/MicrobeAnnotator

Pipeline for metabolic annotation of microbial genomes

Primary LanguagePythonArtistic License 2.0Artistic-2.0

MicrobeAnnotator

Easy-to-use pipeline for the comprehensive metabolic annotation of microbial genomes.

Content Table

Features

MicrobeAnnotator uses an iterative approach to annotate microbial genomes (Bacteria, Archaea and Virus) starting from proteins predicted using your favorite ORF prediction tool, e.g. Prodigal. The iterative approach is composed of three or five main steps (depending on the flavor of MicrobeAnnotator you run).

  • Search of initial protein dataset using KOFamscan, extraction of unannotated proteins.
  • Search of proteins extracted in the previous step using UniProt Swissprot database. Extract unannotated proteins and repeat search using RefSeq and Trembl (if running the full version).
  • In the end, the program will check those entries that had an annotation match but no KO number and will look for other database identifiers (E.C. and InterPro) in the annotation metadata and will try to link those to KO numbers to refine the annotations.
  • Summarize the metabolic potential using KEGG modules by extracting KO numbers associated with each match in the databases used. The summary output is a matrix with module completion and two plots showing module completeness per genome (see below).

Citation

MicrobeAnnotator: a user-friendly, comprehensive functional annotation pipeline for microbial genomes https://doi.org/10.1186/s12859-020-03940-5

Requirements:

  • Programs:
  • Python >=3.6,<3.8
  • Python Modules:
    • attrs ==20.3.0
    • biopython ==1.78
    • matplotlib ==3.4.1
    • pandas ==1.2.4
    • psutil ==5.8.0
    • pywget ==3.2
    • requests ==2.25.1
    • seaborn ==0.11.1
  • Pip
    • hmmer ==0.1.0

Installation

Conda Installation

It appears we need a bunch of pre-requisites to run MicrobeAnnotator! The easiest way to install MicrobeAnnotator is using Conda. If you don't have Conda, you can install it as follows:

  1. Download Anaconda from https://www.anaconda.com/products/individual.
  2. Run bash Anaconda-latest-Linux-x86_64.sh and follow the installation instructions.
  3. Once installed you can run conda -V. You should get the version of conda that you installed.

Now, let's add the conda channels required to install the pre-requisites:

conda config --add channels conda-forge
conda config --add channels bioconda
conda config --add channels cruizperez

Then, create an environment for MicrobeAnnotator:

conda create -n microbeannotator python=3.7 pip microbeannotator=2.0.5

Activate it:

conda activate microbeannotator

And then install the last dependecy using pip

pip install hmmer==0.1.0

Both main scripts (microbeannotator and microbeannotator_db_builder) should be in your path ready for use! This should take care of most of the requirements except for Aspera Connect which are a little more involved.

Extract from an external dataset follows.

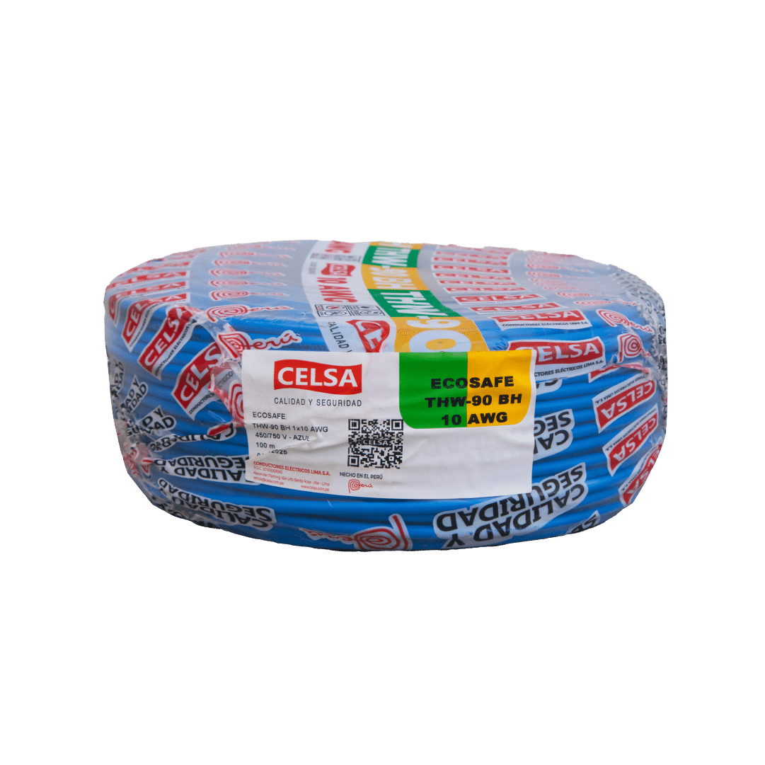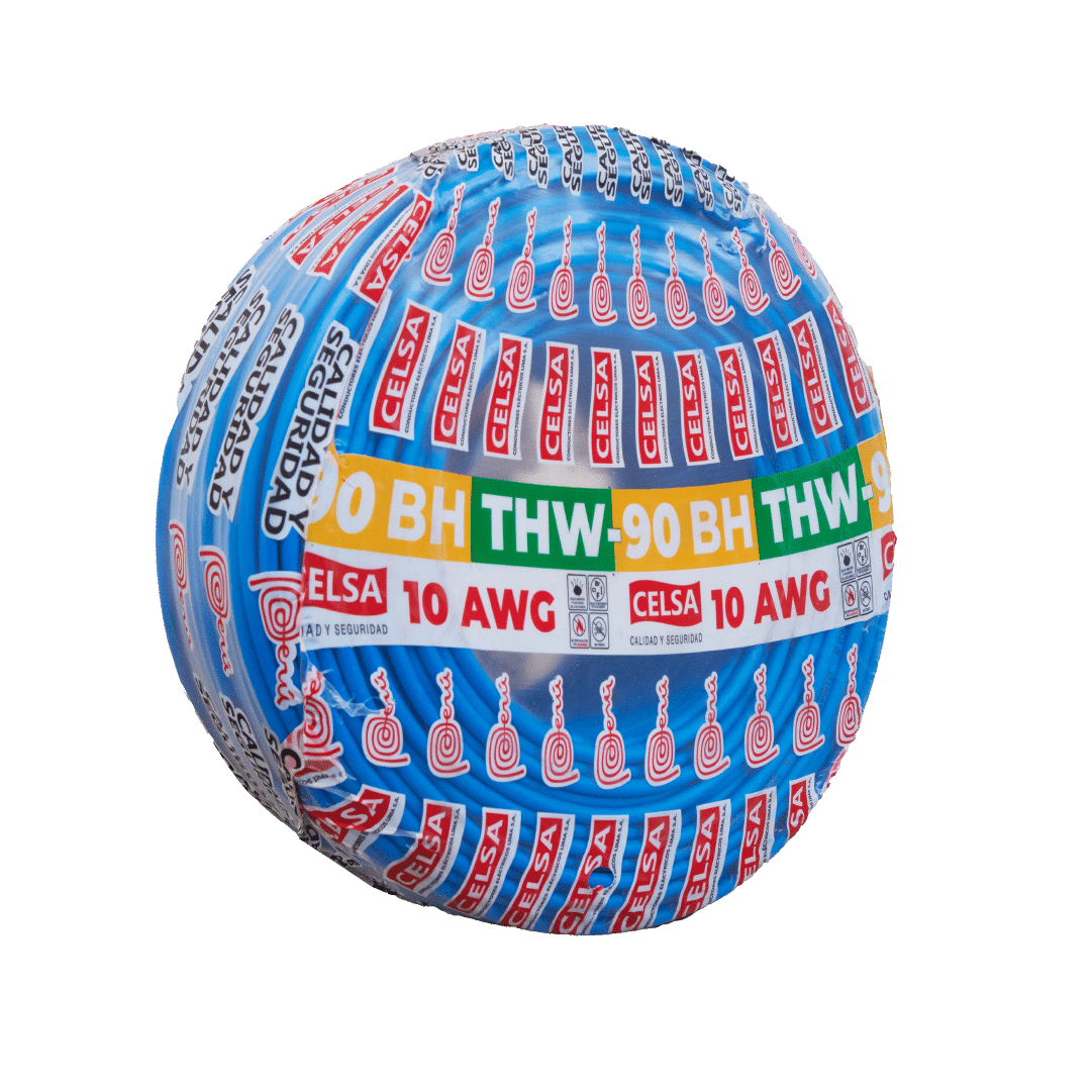El cable eléctrico Celsa THW-90 BH de 10 AWG en color azul es de cobre puro y garantiza un rendimiento óptimo y duradero en cualquier aplicación. Para instalaciones fijas, en edificaciones, interior de locales con ambiente seco o húmedo, conexiones de tableros de control y en general en todas las instalaciones que requieran mayor capacidad de corriente al cable TW-80. Su calibre de 10 AWG es ideal para instalaciones para el tablero.

Let's install those.

Pip Installation

If you prefer to use pip you will need to install the dependencies manually and make sure they are available in PATH. Once you have installed the pre-requisites to run MicrobeAnnotator, you can install MicrobeAnnotator using pip:

pip install microbeannotator==2.0.4

Both main scripts (microbeannotator and microbeannotator_db_builder) should be in your path ready for use!

Aspera Connect

While not required, Aspera Connect can help speed your data download process. If you don't install this, MicrobeAnnotator will use wget, but if you want to install it, here are the instructions.

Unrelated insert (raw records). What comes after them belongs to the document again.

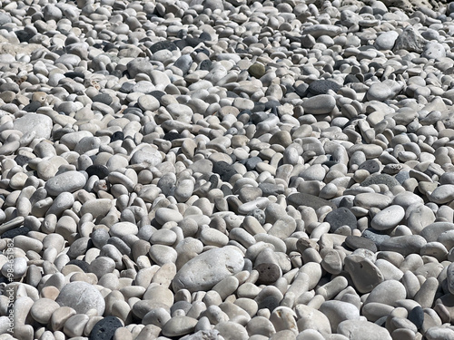Smooth Pebbles Resting on a Beautiful Sunlit Beach Shore Under a Clear Sky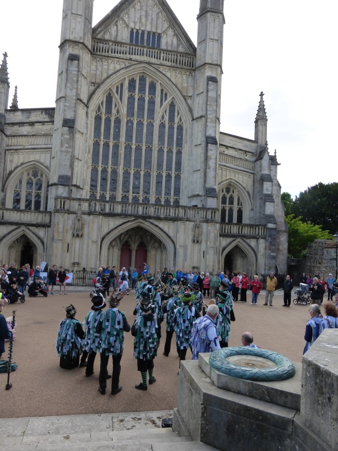 OBJs team for the day, posed outside Winchester Cathedral, with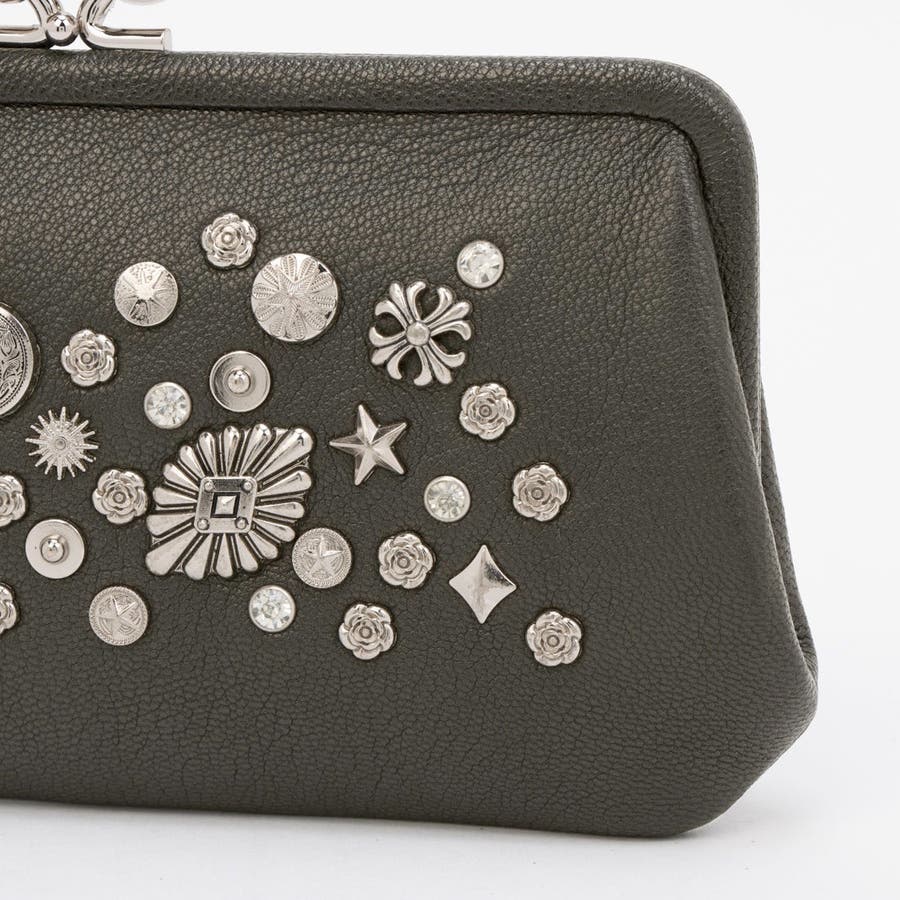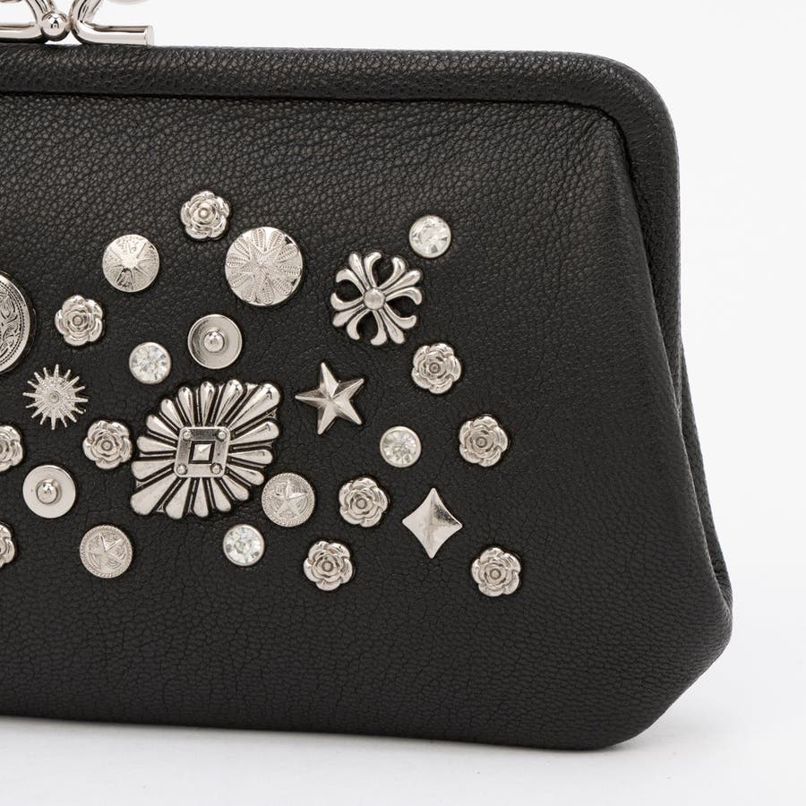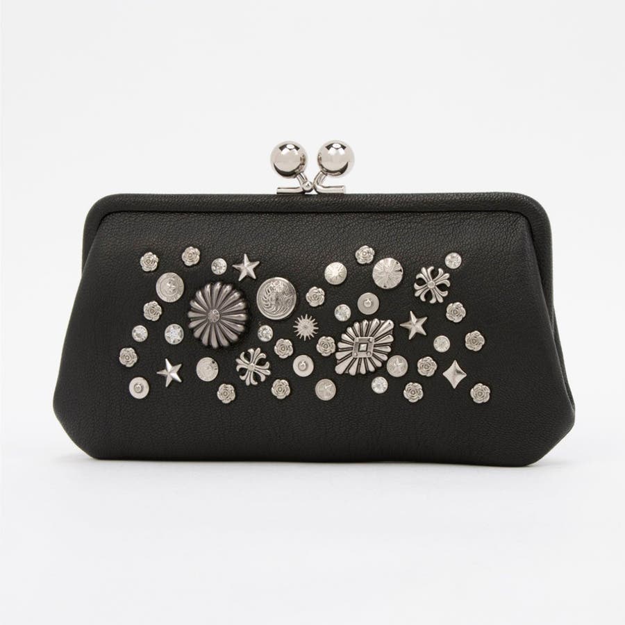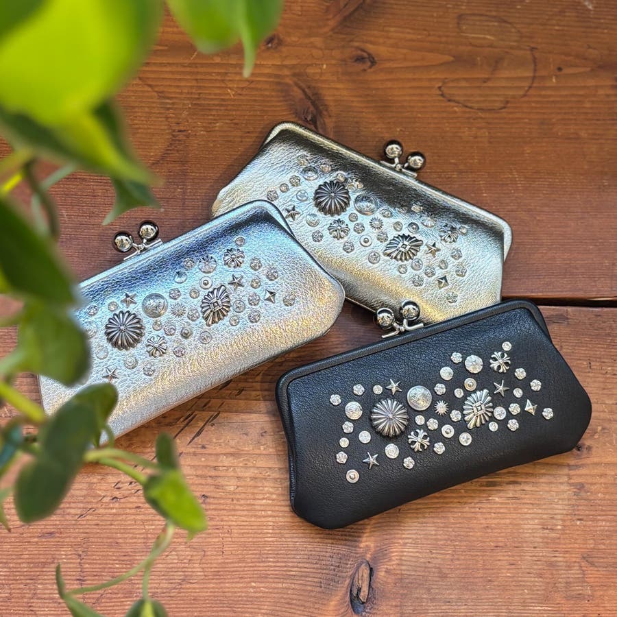 コンチョやいろいろなサイズのスタッズをちりばめたクールでインパクトのあるマルチスタッズ長財布。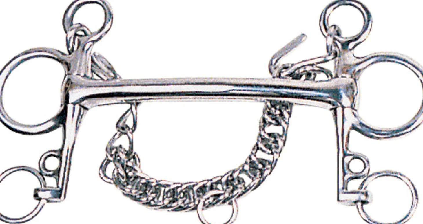 The Mullen Mouth Tom Thumb Pelham Bit in stainless steel has 4″ cheeks and includes curb chain and hooks. This bit design places even pressure on the mouth, lips and bars and exerts some leverage.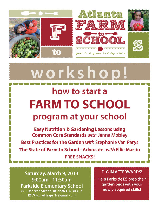 I was thrilled to be invited back to lead another workshop for the Atlanta Farm to School group. Check out the post from our last Atlanta F2S Workshop in November here. Hope to see you all at Parkside Elementary School on Saturday, March 9th!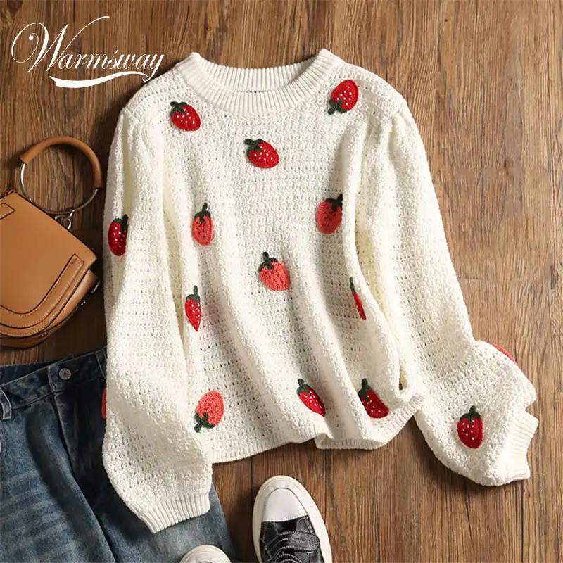 Nette Kawaii Erdbeere Muster Damen Pullover Koreanischen Stil Lose Kurze Susse Beilaufige Gestrickte Warme Crochetted Top C 236 Pullover Aliexpress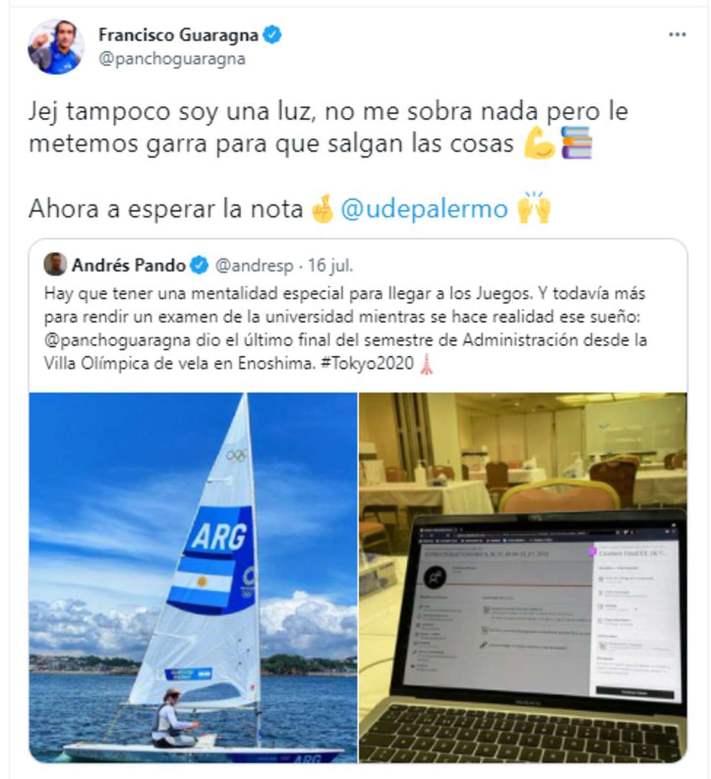 Luego de ponerle un poco de suspenso a la nota de la evaluación a través de sus redes sociales, el atleta aclaró: “Aprobé las dos materias que estaba cursando este cuatrimestre. Una me tocó rendir en Valencia, unos días antes de viajar a Japón”.

To install aspera in a Linux system follow (example with version 3.9.8.176272):

wget https://download.asperasoft.com/download/sw/connect/3.9.8/ibm-aspera-connect-3.9.8.176272-linux-g2.12-64.tar.gz
tar xvfz ibm-aspera-connect-3.9.8.176272-linux-g2.12-64.tar.gz
bash ibm-aspera-connect-3.9.8.176272-linux-g2.12-64.sh

(Usually it will be installed in your home under your user in "/home/[user]/.aspera/connect/bin", it will show you where)

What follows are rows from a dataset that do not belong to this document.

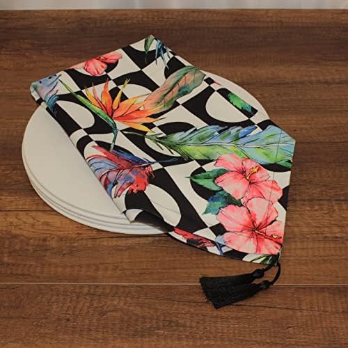 – Püsküllü Dijital Baskılı Runner Amerikan Servis – 40×150 cm – SİYAH&BEYAZ EGOMETRİK ARKA PLAN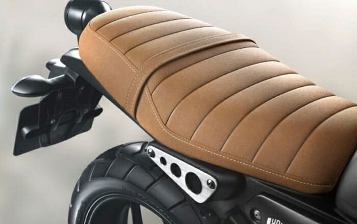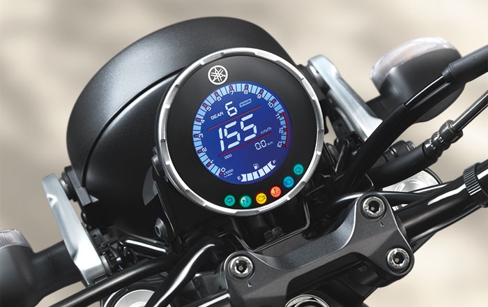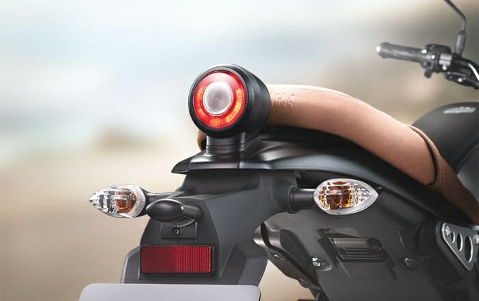 The Yamaha XSR155 gets an all-digital, blue-backlit, circular display for instrumentation and to go with it, a tiny LED tail light behind the saddle, a’la custom motorcycles. In terms of power, the motor is the same as the R15 and here too, the 155cc motor cranks out 19.3 PS and 14.7 Nm of torque, mated to a 6-speed gearbox with a slip & assist clutch. If you haven’t noticed by now, the end-can here is different and does look like the nozzle of a big machine gun.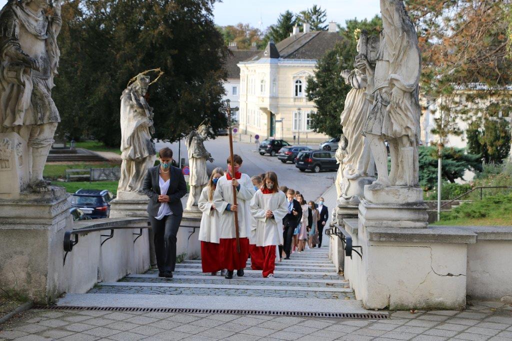 Mehr als 30 Jugendliche empfingen heuer bei uns am 11. Oktober 2020 das Sakrament der Firmung. Corona-bedingt spendete Dr. Gerald Gruber, Ordinariatskanzler der Erzdiözese Wien, die Firmung in zwei Gruppen.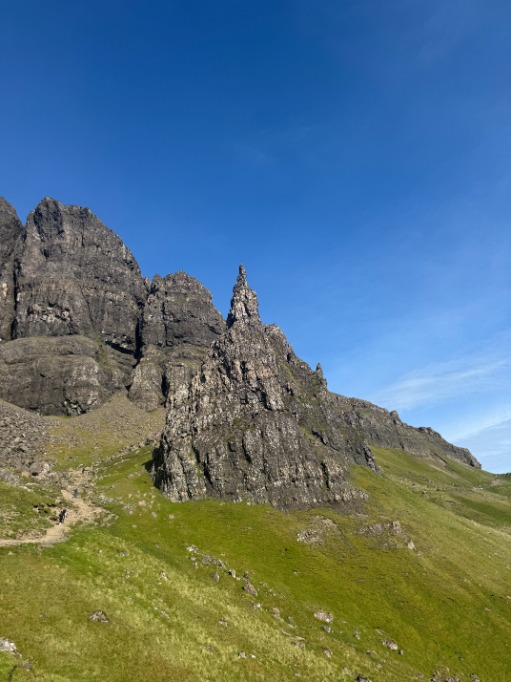 On our second day in Skye, we hiked to the Old Man of Storr, one of the most famous and busiest hikes on the island. We arrived at the Old Man of Storr Car Park at 8:35 am and had no problem finding parking, although the lot was full when we left. We hiked 2.75 miles (again, a straight climb!) to see the famous Old Man of Storr. We took a slightly longer route on the way down to enjoy the views from Trotternish Ridge over the Sound of Raasay.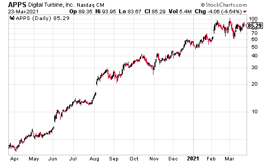 APPS, which provides media and mobile communication solutions for mobile operators, application developers, device original equipment manufacturers, has seen its stock run from a low of $10 to nearly $84 a share since November 2020.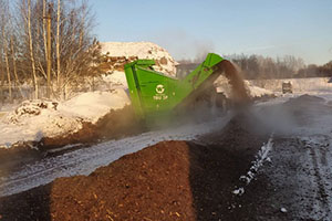 Gałęzie i konary będą kierowane do rozdrabniacza, gdzie przekształcą się w zrębki, które następnie wymiesza się z liśćmi lub trawą i uformuje w pryzmę. Następnie surowiec ten będzie przez określony czas mieszany za pomocą przerzutnika kompostu (model TBU 3P niemieckiego producenta Willibald GmbH), dzięki czemu będzie nasycał się tlenem, a proces kompostowania przyspieszy. Po zakończeniu reakcji kompostowania, czyli gdy odpady roślinne ulegną rozkładowi, gotowy kompost załaduje się do przesiewacza bębnowego, gdzie odsiana zostanie frakcja drobna. To właśnie jest gotowy produkt. Pozostały materiał zostanie ponownie załadowany w celu dalszego rozkładu.

Take note of this installation folder and, for your peace of mind lets add this folder to your PATH:

Add the following line to your ~/.bashrc file: export PATH="$PATH:/home/[user]/.aspera/connect/bin"
Note: Replace [user] by your username

Now reload the ~/.bashrc file with: source ~/.bashrc

Now you have installed Aspera Connect!

If you cannot install Aspera Connect for some reason, MicrobeAnnotator will use another method to download your data, no worries!

Usage

Database creation

First things first. There are two "flavors" of MicrobeAnnotator depending on your storage and computational capabilities (and your time); the regular and light mode. The difference between the two is that the regular implementation will make use of four different databases to annotate your proteins, i.e., the Kofam database and the Swissprot, Trembl and RefSeq databases. On the other hand, the light mode will only use Kofam and Swissprot, which in most cases will annotate the majority of your proteins and will take way less time and space.
You can decide of course which version to run at any time, but for the time being let's have an example with the normal mode (to run the light version just add the --light flag when calling the script).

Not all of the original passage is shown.